Порой, заждавшись подвоза болеутоляющих средств, шли на простой обман – имитировали лекарство. Все свободные медики садились в сестринской комнате, и начинали рассыпать соду в пакетики, будто медицинские препараты в аптеке. Слышат – яйца куриные полетели в потолок – значит, подоспел предел терпению раненных бойцов. Разнесут медсестры свою «наркоту» по палатам, через 5-10 минут вновь с улыбочкой пробегутся, участливо спрашивая:
- Ну, как, ребята, настроение – поднимается?
- Спасибо, дорогие сестрички, уже всё хорошо.
Только таким хитрым способом умудрялись выкручиваться, из-за задержек с подвозом успокаивающих лекарств.
Один танкист стал героем удивительнейшей истории. Хирурги ему обе ноги отняли, чтобы жизнь сохранить; он же после операции стойко терпел боль, зубы стиснет, и слова не промолвит. Только однажды его слеза пробила – письмо от жены, москвички, получил, в котором она написала ему «отказную». И этот удар судьбы перетерпел славный муж.
Главврач Повелько, узнав о таком вопиющем случае, распорядился выдать ему 300 граммов водки – пусть забудется.
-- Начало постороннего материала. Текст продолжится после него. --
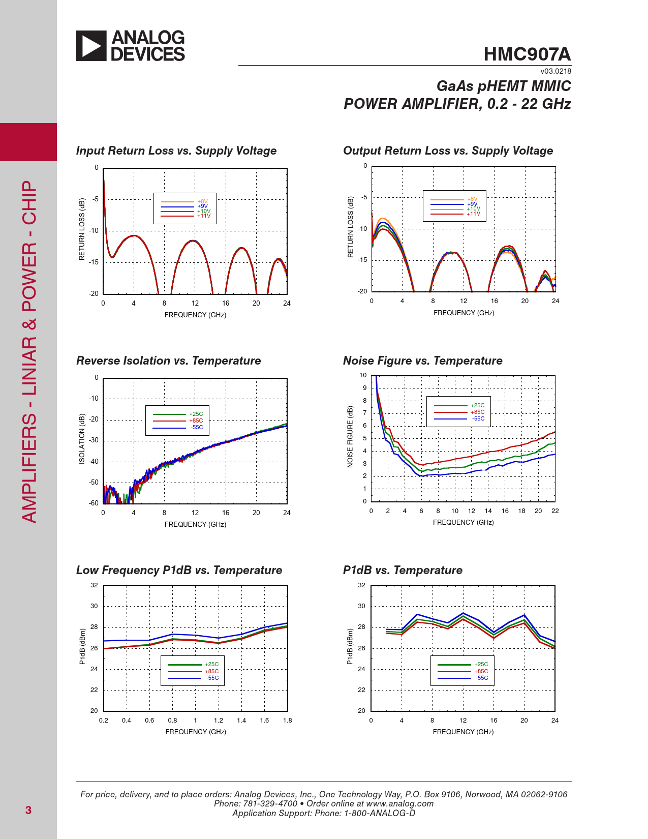 32 32 30 30 28 ) 28 ) m m (dB 26 (dB 26 1dB 1dB P +25C P +25C 24 +85C 24 +85C -55C -55C 22 22 20 20 0.2 0.4 0.6 0.8 1 1.2 1.4 1.6 1.8 0 4 8 12 16 20 24 FREQUENCY (GHz) FREQUENCY (GHz) For price, delivery, and to place orders: Analog Devices, Inc., One Technology Way, P.O. Box 9106, Norwood, MA 02062-9106 Phone: 781-329-4700 • Order online at www.analog.com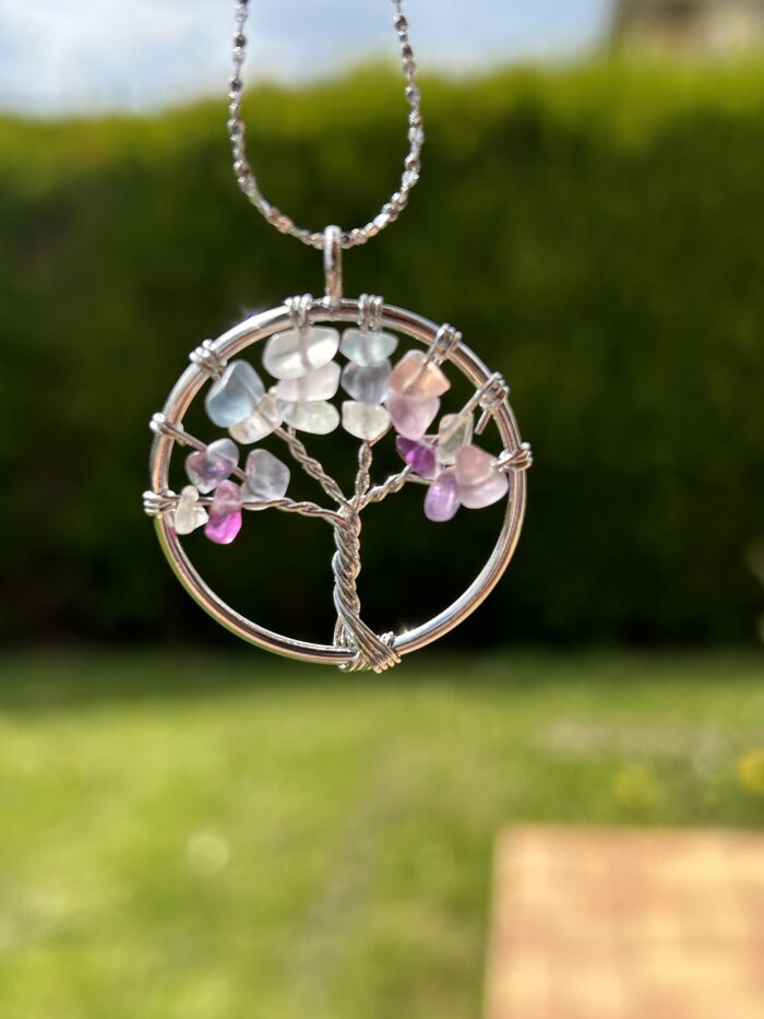 Pendentif arbre de vie en fluorite et acier inoxydable. Hauteur 3 cm. Vendu avec la chaîne en acier inoxydable.
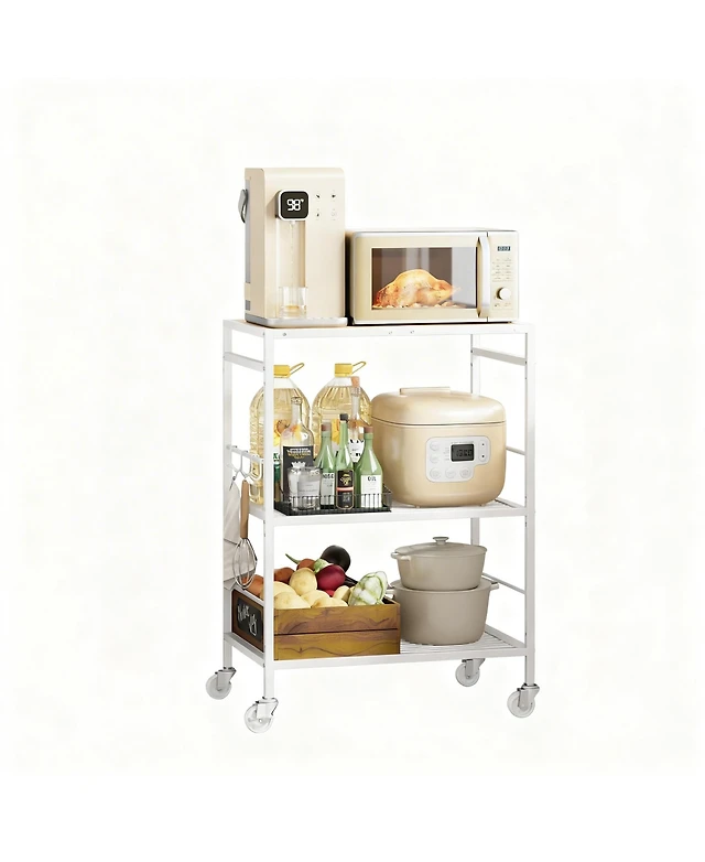 Tribesigns 4-Tier Slim Kitchen Rolling Cart with Wheels, Solid Wood Storage Cart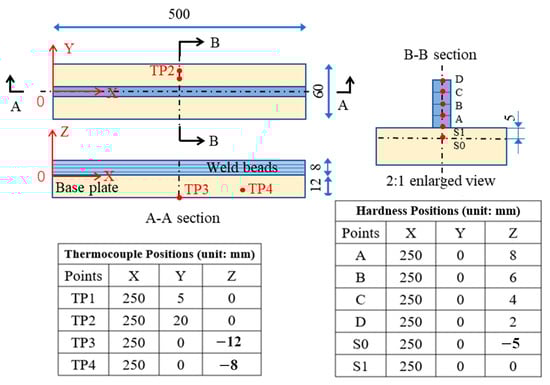 The results of a WAAM experiment conducted by Ding [21] were used to validate the accuracy of the thermal simulations using various heat source models. As shown in Figure 3, a beam structure with a width of 5 mm was built along the center line of a baseplate using a moving heat source. The traverse speed of the torch was set at 0.5 m/min (8.33 mm/s), and a single path of the heat source along the longitudinal direction was performed for each layer with a thickness of 2 mm. The base plates used in the experiments were rolled structural steel plates (grade S355JR-AR). The chemical composition of the alloy (in wt.%) is 0.24% C, 1.60% Mn, 0.55% Si, 0.045% P, 0.045% S, 0.009% N, 0.003–0.100% Nb, and Fe balance. The chemical composition of the solid wire (in wt.%) is 0.08% C, 1.50% Mn, 0.92% Si, 0.16% Cu, 60.040% P, 60.035% S, and Fe balance. The cooling time after the deposition of each layer was 400 s to mitigate the thermal distortion and residual stress. The heat input for the welding process was 269.5 J/mm, assuming an efficiency of 0.9. Additionally, four K-type thermocouples (TP1, TP2, TP3, and TP4) were spot-welded at the positions indicated in Figure 3 to record the temperature variation at these positions during the WAAM process.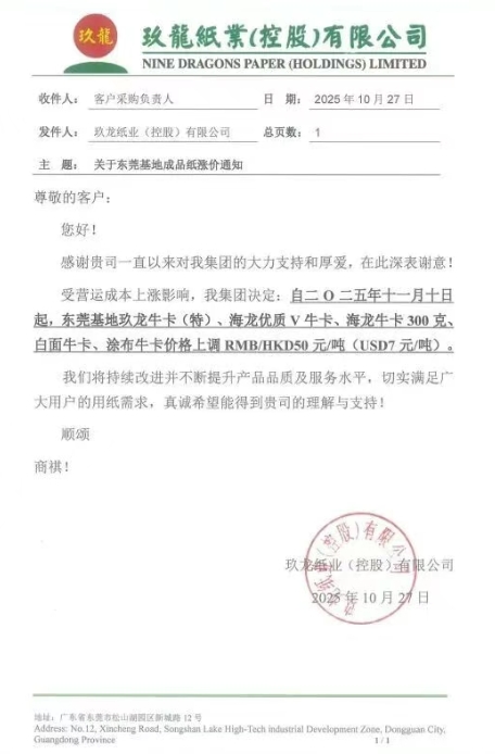 自十一月十日起,東莞基地玖龍牛卡(特)、海龍優(yōu)質V牛卡、海龍牛卡300克、白面牛卡、涂布牛卡價格上調RMB/HKD50元/噸(USD7元/噸)。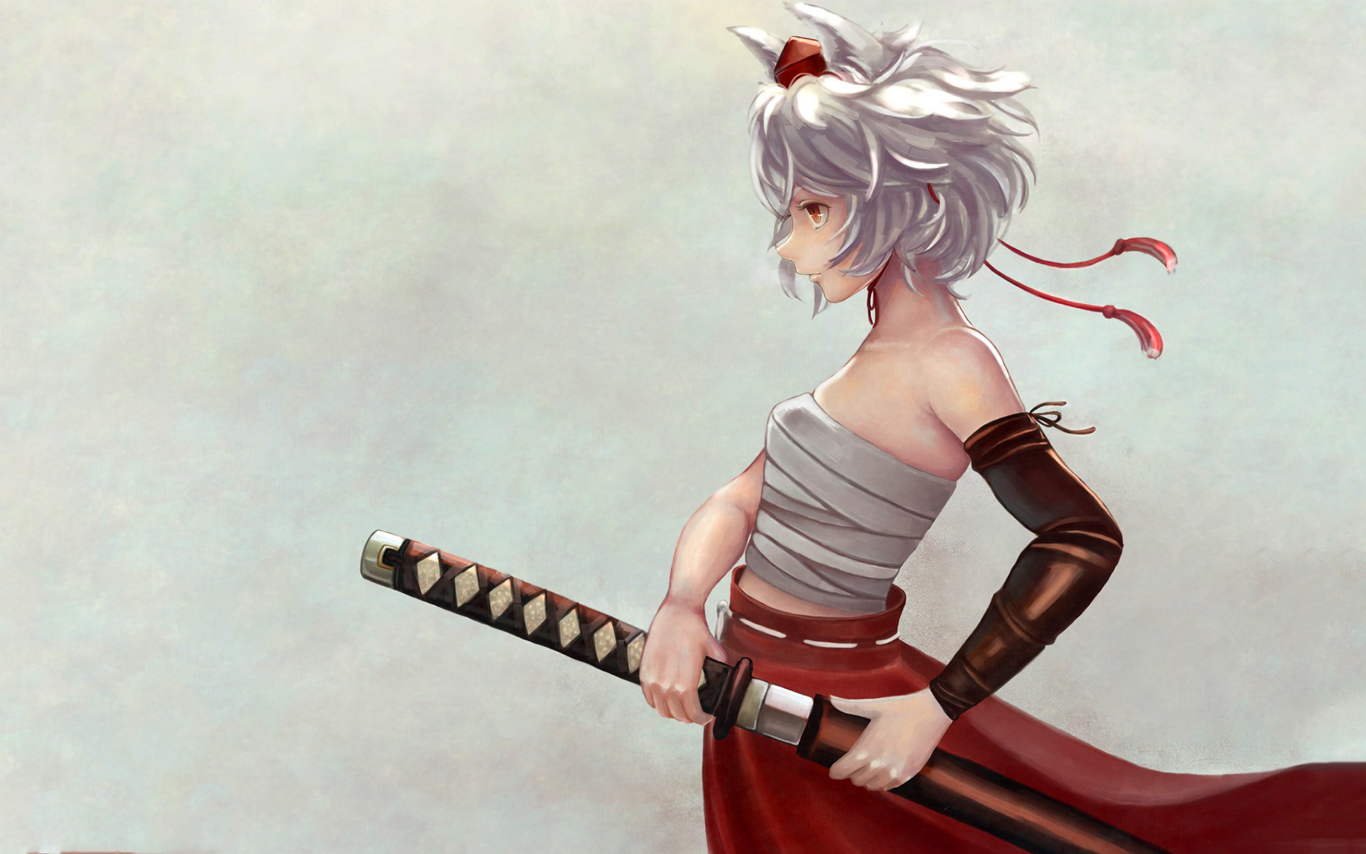 Description: A woman in a red skirt holding a sword and a sword blade in her hand.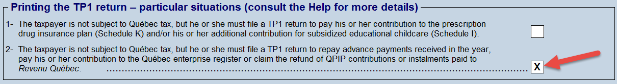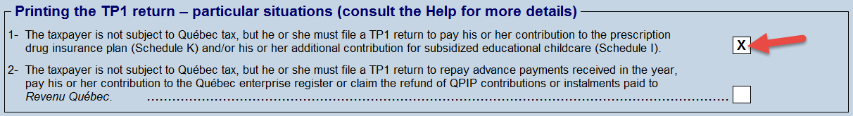 Taxprep provides an option allowing the TP1 return to be applicable (as well as the related bar codes) even for taxpayers who are not subject to Québec income tax.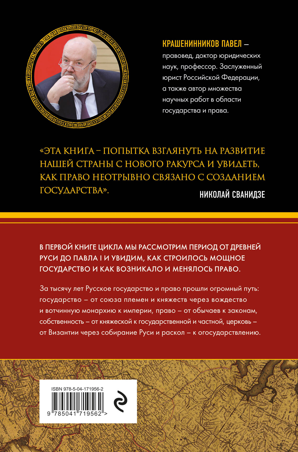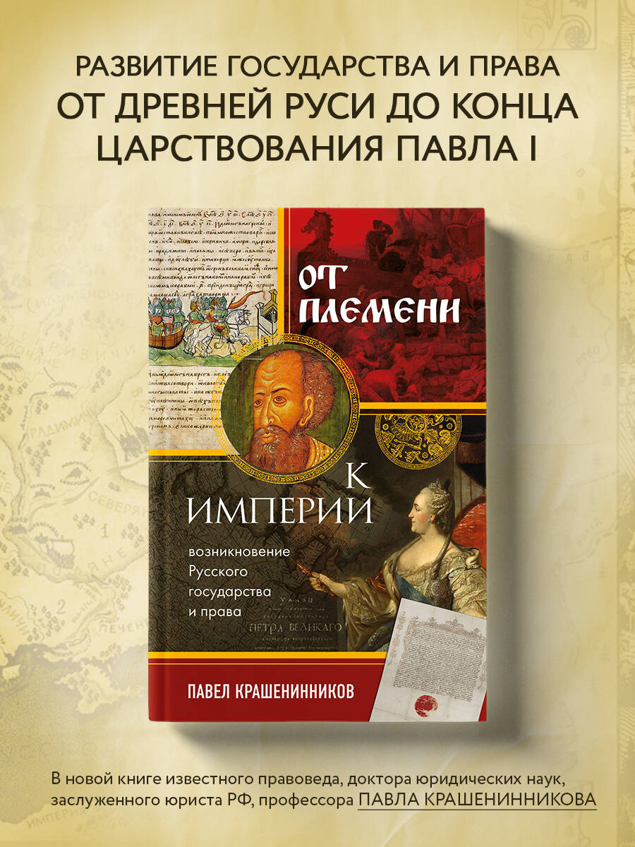 С момента появления первых цивилизаций люди столкнулись с проблемами, разрешить которые прежними способами они уже не могли. Так начало зарождаться право. Однако право - это не незыблемый свод правил и законов, а динамичная, постоянно меняющаяся система. И она зависит от государственного строя, уровня централизации власти и даже культуры страны. Книга известного российского правоведа «От племени к империи. Возникновение русского государства и права» охватывает период с момента формирования российского государства в IX веке до конца правления Павла I на рубеже XVIII-XIX вв. Прочитав её, вы узнаете, на основе каких юридических норм строилось древнерусское право и как на него повлияло татаро-монгольское иго. Что стало причиной дворцовых переворотов XVIII века, кого первым из русских правителей прозвали Грозным и почему - на эти и многие другие вопросы вы сможете найти ответ в этой книге. Если вам интересна история России и история государства и права, если вы хотите научиться видеть взаимосвязи между развитием государственности и юриспруденции, это издание станет для вас отличным подарком. Крашенинников Павел - правовед, доктор юридических наук, профессор. Заслуженный юрист Российской Федерации, а также автор множества научных работ в области истории государства и права.
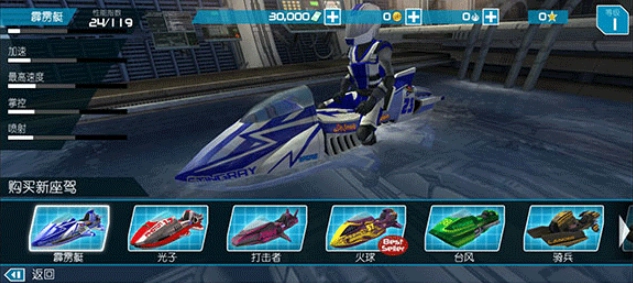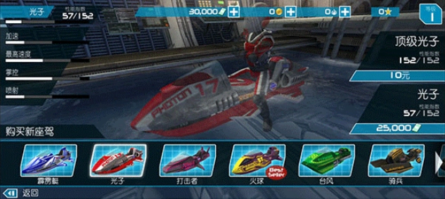 游戏里有10种不同类型的炫酷快艇可供使用,它们各有不同的性能和操作体验,能为你带来不一样的驾驶快感!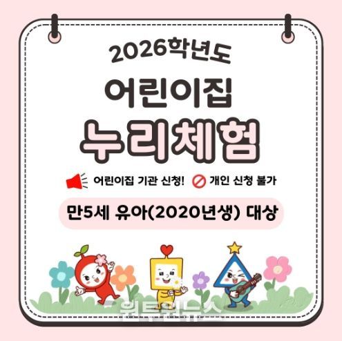 (원투원뉴스) 대구교육청 유아교육진흥원은 1월 19일부터 23일까지 대구 지역 어린이집을 대상으로 ‘2026학년도 단체 누리체험 및 안전체험’신청을 접수한다.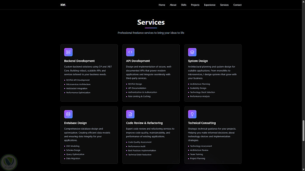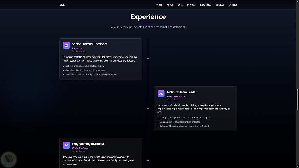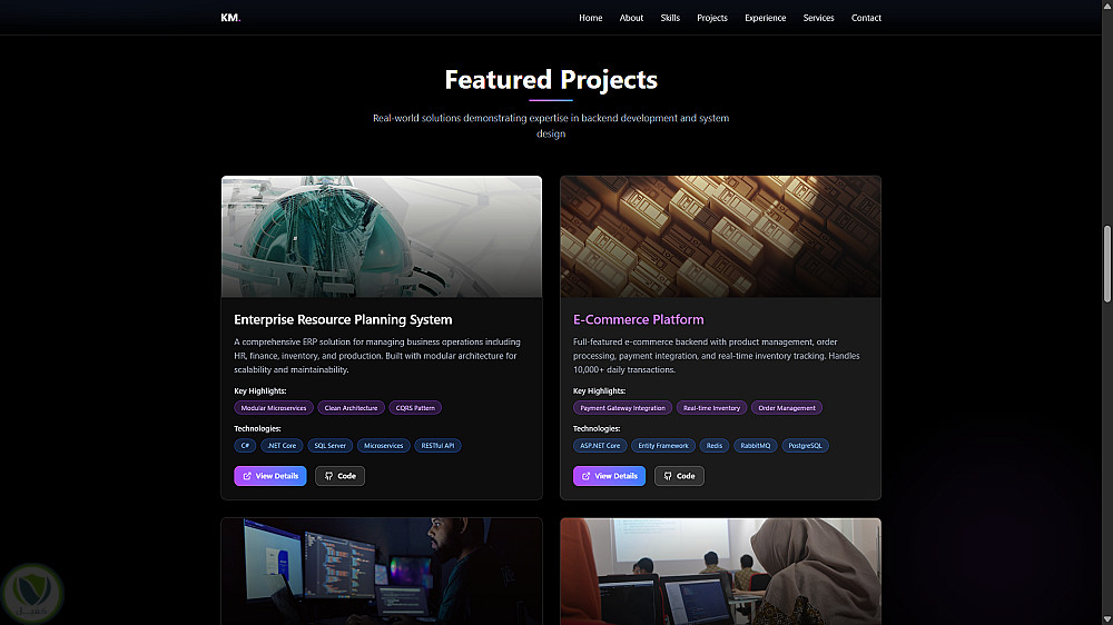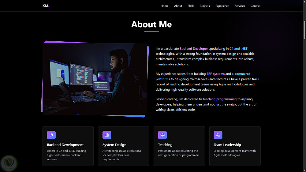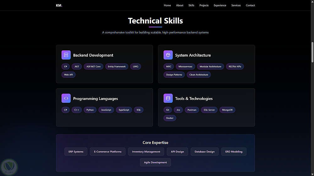 الموقع يعرض المهارات البرمجية والخبرات والمشاريع بطريقة منظمة تساعد أصحاب الأعمال والعملاء على التعرف على قدرات المطور بسهولة.

Однако новоявленный холостяк разделил спиртное между однопалатниками, и поднял тост: «За наше с вами светлое будущее»; выпил, крякнул и добавил: «Без шалав на этом свете»; и больше никогда не возвращался к этой теме.
Бывшему танкисту подходит время выписки, но, по сути – он остался без кола, без двора, да ещё и в незавидном положении. В госпиталь, часто ходили с концертами, пионеры. А рабочие с разных предприятий, организовывали благотворительные посещения – делились своими крохами продуктов с воинами, защитившими их город и страну от фашизма. Безногий танкист, по фамилии Репин8, понравился одинокой женщине. Он же, осознавая своё увечье, не хотел обременять её какими-либо обязательствами. Она пошла к главврачу с просьбой, чтобы тот разрешил ей забрать инвалида к себе домой.
Доктор был неслыханно удивлен:
- Посмотрите на себя! Зачем вам, молодой и красивой, такое… такая ноша?
- Я, свободная женщина. А он мне понравился, и я буду с ним жить; и никто, вы – слышите: никто не силах мне это запретить!
Повелько оказался в слишком щекотливом положении: с одной стороны – нелегкий груз снимется с его плеч, но, с другой – он боялся, что бывший танкист, в конце концов, когда-нибудь попросту окажется на улице.
Подполковник, руководствуясь моральными качествами необычной ситуации, все-таки отказал просительнице.
- Я не прощаюсь, - произнесла женщина, и спокойно закрыла за собой дверь.
Утром, следующего дня, на пятиминутке, в эвакогоспитале № 2068, как всегда, происходил отчёт о ночном дежурстве. Оказалось, что безногого танкиста, обвязали простынями, и спустили со второго этажа; не смотря на отказ, женщина, с добрым сердцем, похитила его, увезя на колясочке.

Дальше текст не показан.